[Stored data]
○ ○ ○ ○

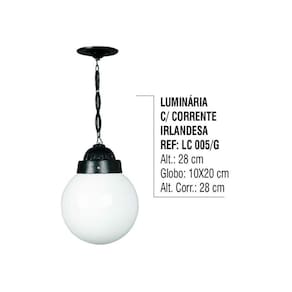 01 Luminária Irlandesa Com Corrente Externa Interna em Alumínio
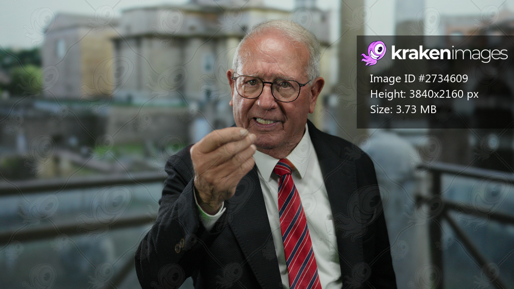 Senior man in a suit gesturing expressively against a backdrop of roman ruins during the day outdoors.
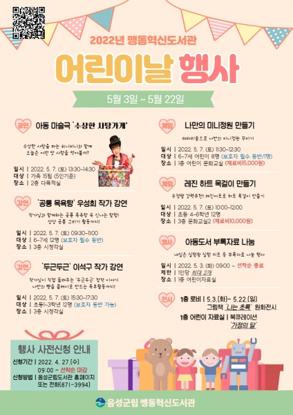 이번 행사에서 맹동혁신도서관은 어린이 마술극 ‘수상한 사탕가게’ ‘공룡 목욕탕’ 우성희 작가의 저자 강연 ‘두근두근’ 이석구 작가의 저자 강연 나만의 정원 만들기 레진 하트 목걸이 만들기 아동도서 부록자료 나눔 행사 ‘나는 초록’ 원화 전시 등을 진행해 어린이들에게 다양한 체험의 기회를 제공할 예정이다.
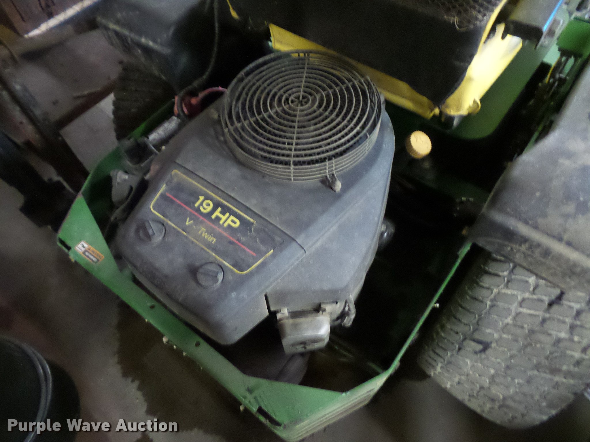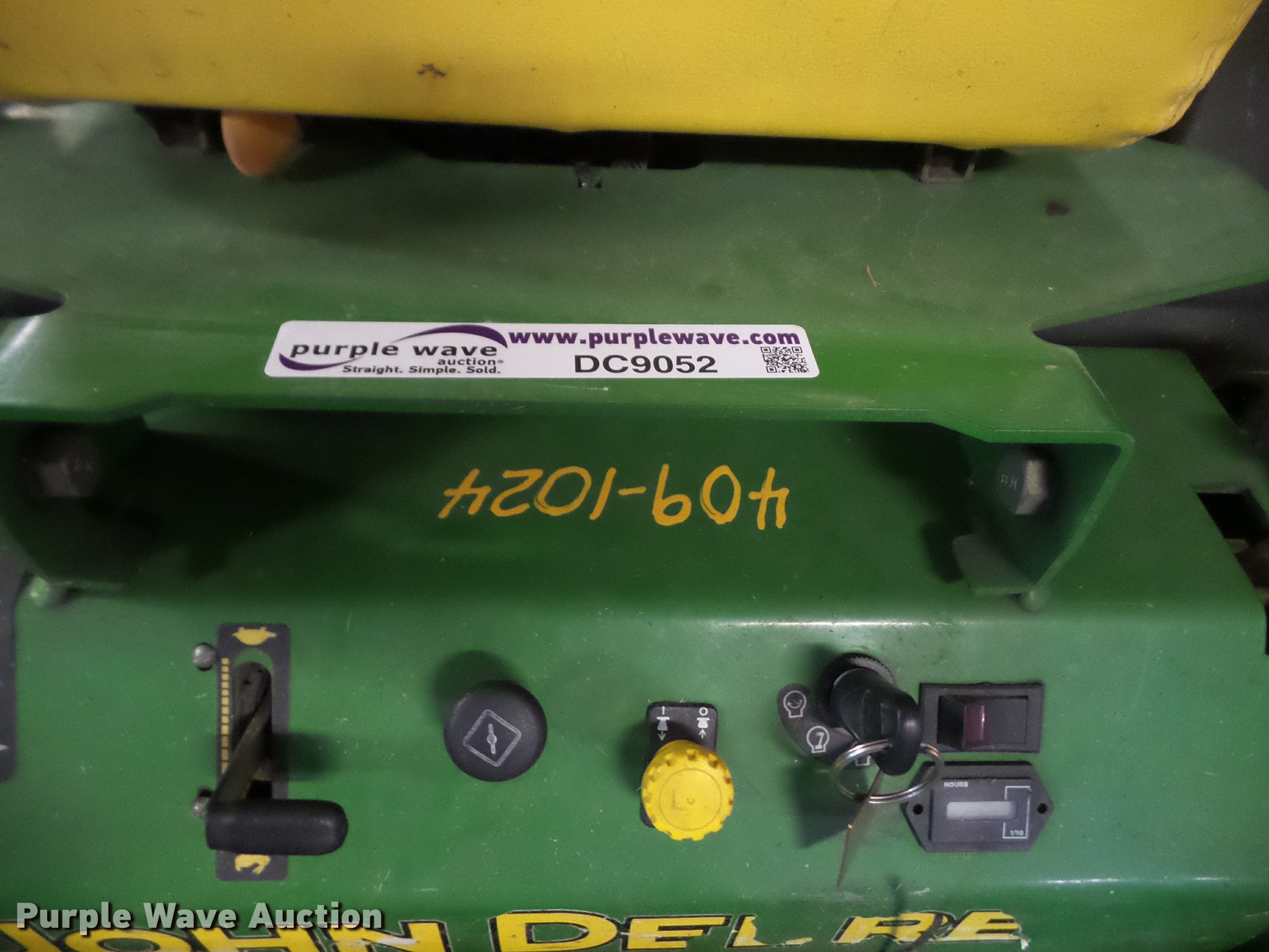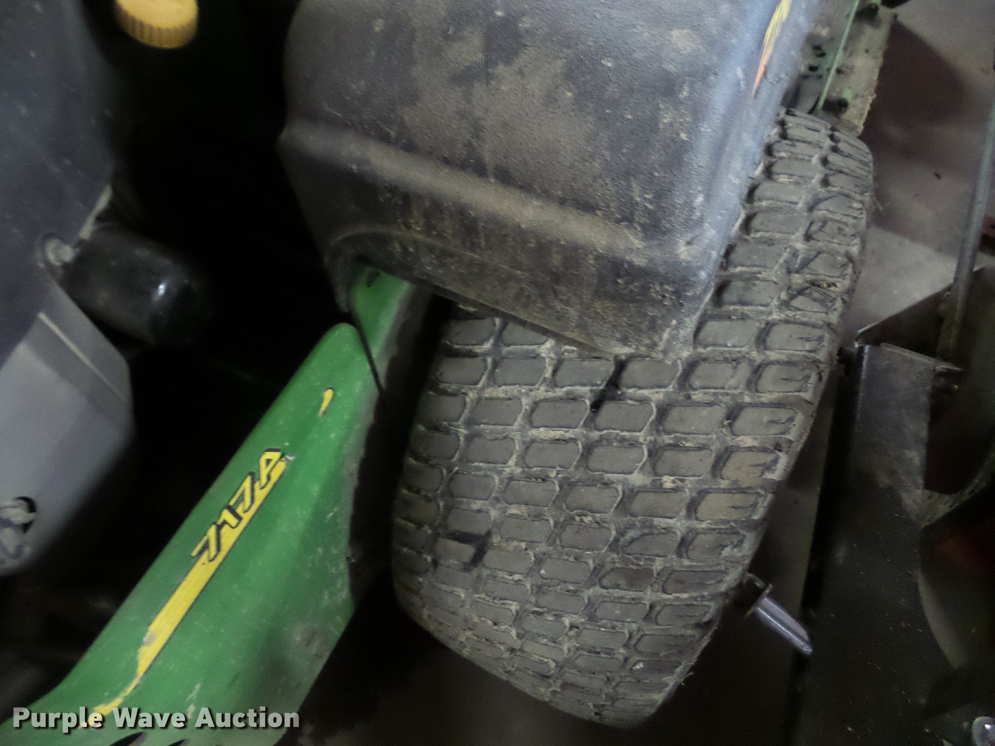 Purple Wave is selling a used Lawn Mower in Kansas. This item is a 2004 John Deere 717A lawn mower with the following: 1,353 hours on meter, 48"W deck, Kawasaki gas engine, 19 HP, 23 x 9.50-12 tires, Oil leak, Serial TC717AX011107, KDOT ID 409-1024
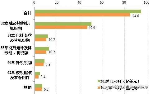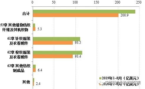 图3:2020年1~8月孟加拉纺织品服装出口主要商品金额及变化情况
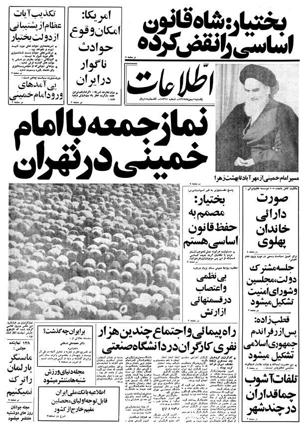 در صفحه ۸ روزنامه اطلاعات یکشنبه ۱ بهمن ۵۷ در این باره آمده است: خبرگزاری فرانسه از قول محافل ایرانی طرفدار امام خمینی در پاریس گزارش داد که رهبر شیعیان جمعه به ایران بازخواهند گشت.
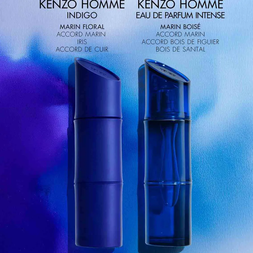 De Kenzo Homme Indigo flacon lijkt ondergedompeld in Indigo-inkt en onderscheidt zich door de moderniteit van zijn ondoorzichtige blauwe lak met mat structuureffect. De vorm doet denken aan de kracht en soepelheid van bamboe, terwijl de afgeschuinde dop eruitziet alsof hij is gesneden met een katana, het samoeraizwaard. Als onderdeel van de duurzame aanpak van het Huis is 100% van de gebruikte alcohol afkomstig van Franse velden die overgaan op regeneratieve landbouw, wat bodemverarming en verlies van biodiversiteit bestrijdt.
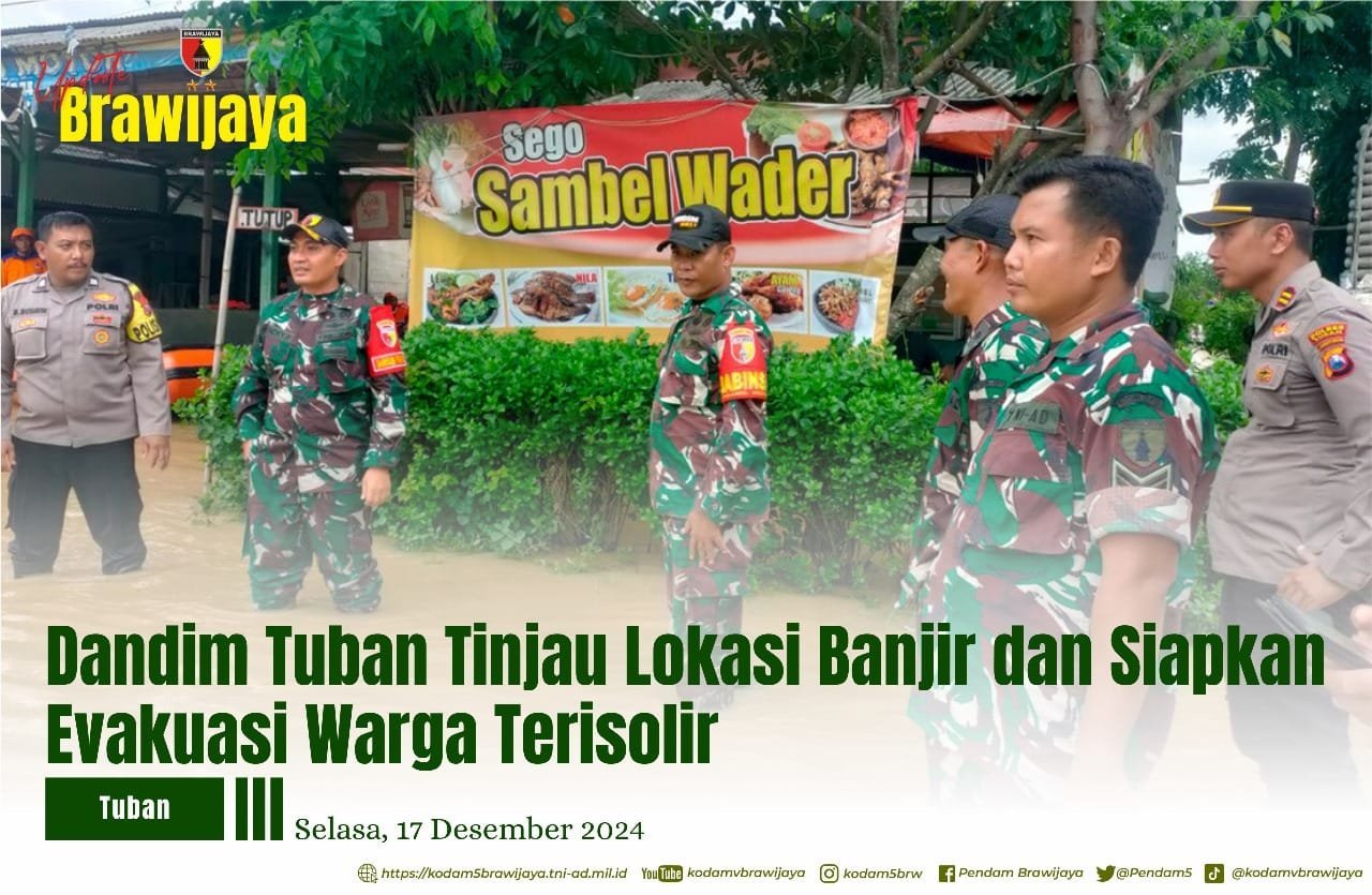 Tuban,- Dandim 0811/Tuban, Letkol Inf Dicky Purwanto, terjun langsung ke lokasi banjir di Desa Brangkal, Kecamatan Parengan. Kunjungan ini bertujuan memastikan kesiapsiagaan prajurit TNI dalam memberikan bantuan kepada warga yang terisolir akibat banjir.

○ ○ ○ ○

— INSTRUCTIONS TO FOLLOW —
The line containing "图3:2020年1~8月孟加拉纺织品服装出口主要商品金额及变化情况" marks the end: copy exactly every line from the start of the records up to and including it, leaving out the pictures.

— ANSWER —
 01 Luminária Irlandesa Com Corrente Externa Interna em Alumínio
 Senior man in a suit gesturing expressively against a backdrop of roman ruins during the day outdoors.
 이번 행사에서 맹동혁신도서관은 어린이 마술극 ‘수상한 사탕가게’ ‘공룡 목욕탕’ 우성희 작가의 저자 강연 ‘두근두근’ 이석구 작가의 저자 강연 나만의 정원 만들기 레진 하트 목걸이 만들기 아동도서 부록자료 나눔 행사 ‘나는 초록’ 원화 전시 등을 진행해 어린이들에게 다양한 체험의 기회를 제공할 예정이다.
 Purple Wave is selling a used Lawn Mower in Kansas. This item is a 2004 John Deere 717A lawn mower with the following: 1,353 hours on meter, 48"W deck, Kawasaki gas engine, 19 HP, 23 x 9.50-12 tires, Oil leak, Serial TC717AX011107, KDOT ID 409-1024
 图3:2020年1~8月孟加拉纺织品服装出口主要商品金额及变化情况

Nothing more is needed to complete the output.